Exercise objective: Return the data below exactly, minus the pictures.

Given data:
----------------
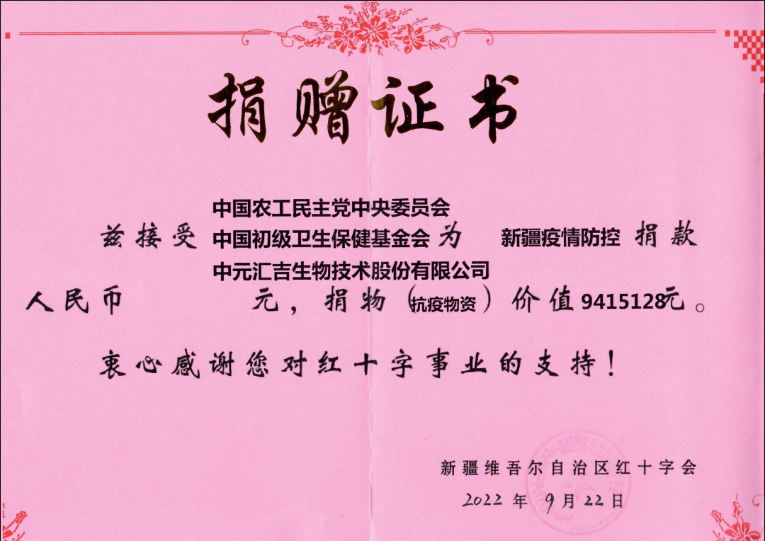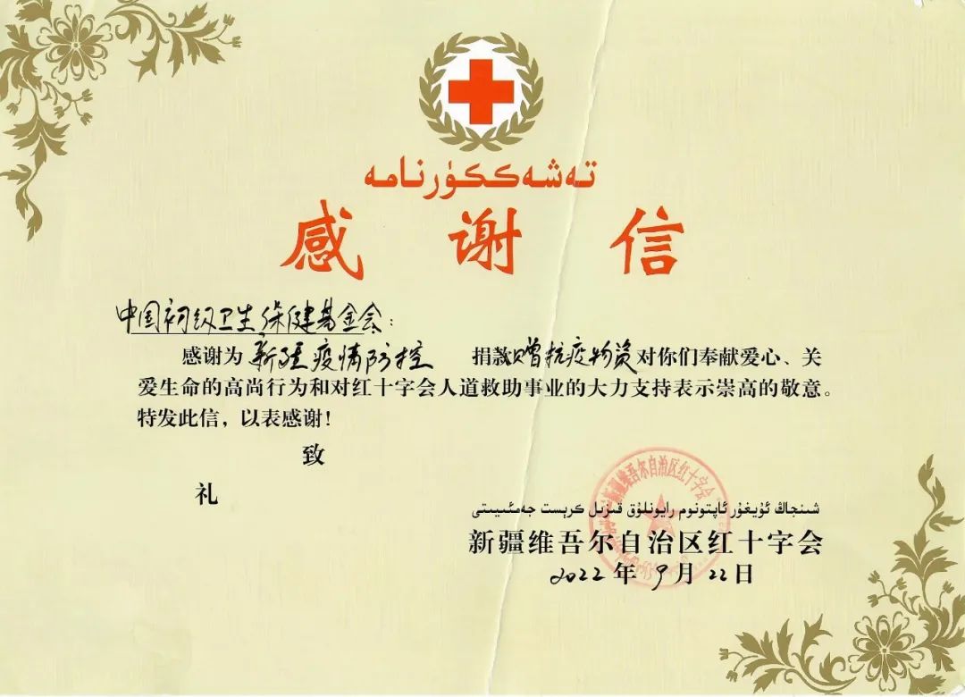 近日,中国初级卫生保健基金会(简称“初基会”)收到新疆维吾尔自治区红十字会寄来的感谢信和捐赠证书。感谢信情真意切,感谢初基会为新疆疫情防控捐赠物资,对初基会奉献爱心、关爱生命的高尚行为和对红十字会人道主义救助事业的大力支持表示崇高的敬意。
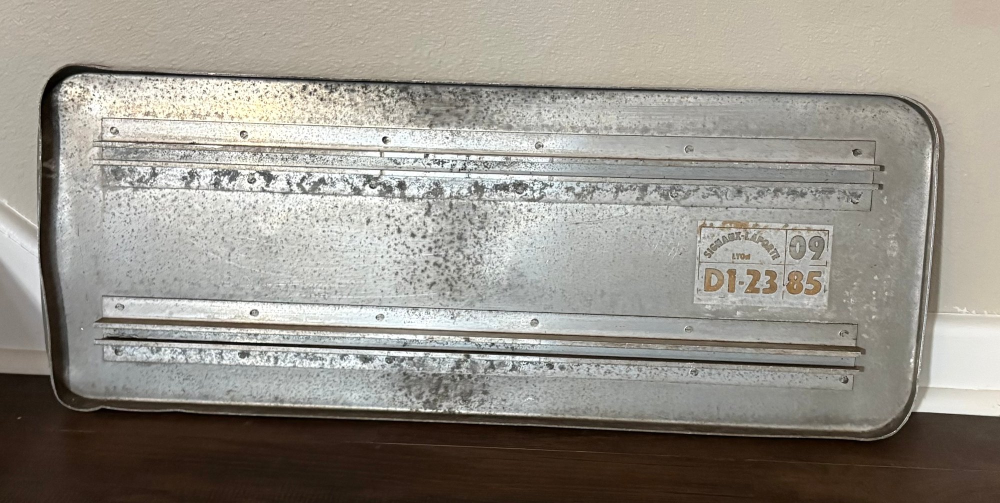 The sign surface is flat but curves around its perimeter giving it a solid, heavy duty presentation. It’s a solid, heavy weight piece presenting standard age wear scuffs, scratches, and markings. The red border is reflective & does contain faint "graffiti", in both French & German writing, within its boundary. The reverse stamp dates the production of this sign ca. September 1985 by "Laporte Signals" of Lyon, France. Standard age wear consistent with its age should be expected. Please review photos carefully.
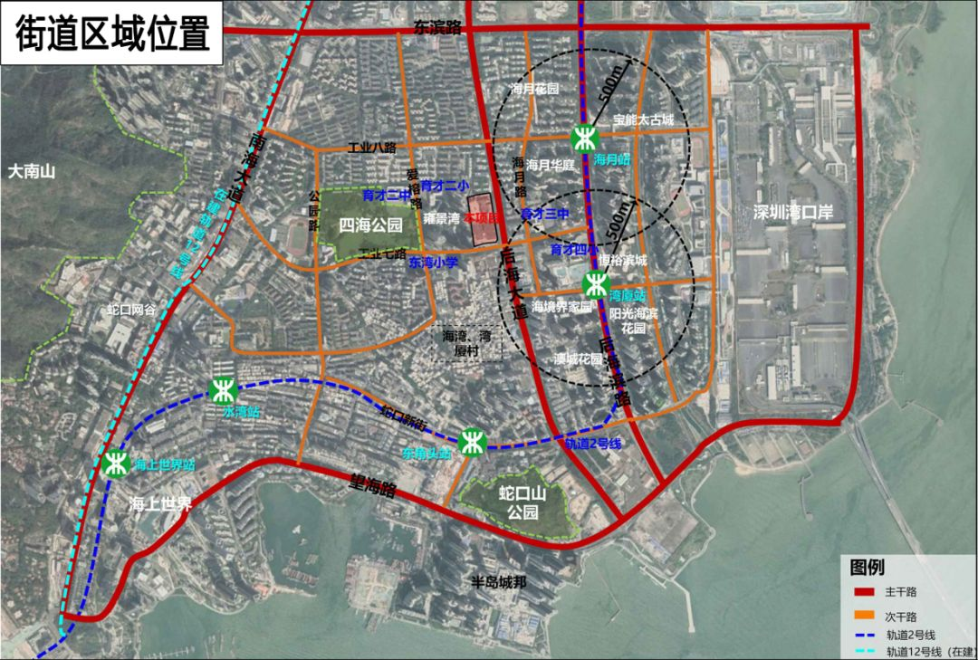原联合饼干厂城市更新项目位于南山区招商街道,后海大道与蛇口工业七路交汇处,距离地铁2号线海月站约580米(百度地图测量,仅供参考),轨道交通便利,周边配套设施成熟,有海岸城购物中心、深圳湾体育中心、深圳湾公园、蛇口太子港等,是深圳首屈一指的豪宅区域。
----------------
Output for this exercise:
 近日,中国初级卫生保健基金会(简称“初基会”)收到新疆维吾尔自治区红十字会寄来的感谢信和捐赠证书。感谢信情真意切,感谢初基会为新疆疫情防控捐赠物资,对初基会奉献爱心、关爱生命的高尚行为和对红十字会人道主义救助事业的大力支持表示崇高的敬意。
 The sign surface is flat but curves around its perimeter giving it a solid, heavy duty presentation. It’s a solid, heavy weight piece presenting standard age wear scuffs, scratches, and markings. The red border is reflective & does contain faint "graffiti", in both French & German writing, within its boundary. The reverse stamp dates the production of this sign ca. September 1985 by "Laporte Signals" of Lyon, France. Standard age wear consistent with its age should be expected. Please review photos carefully.
原联合饼干厂城市更新项目位于南山区招商街道,后海大道与蛇口工业七路交汇处,距离地铁2号线海月站约580米(百度地图测量,仅供参考),轨道交通便利,周边配套设施成熟,有海岸城购物中心、深圳湾体育中心、深圳湾公园、蛇口太子港等,是深圳首屈一指的豪宅区域。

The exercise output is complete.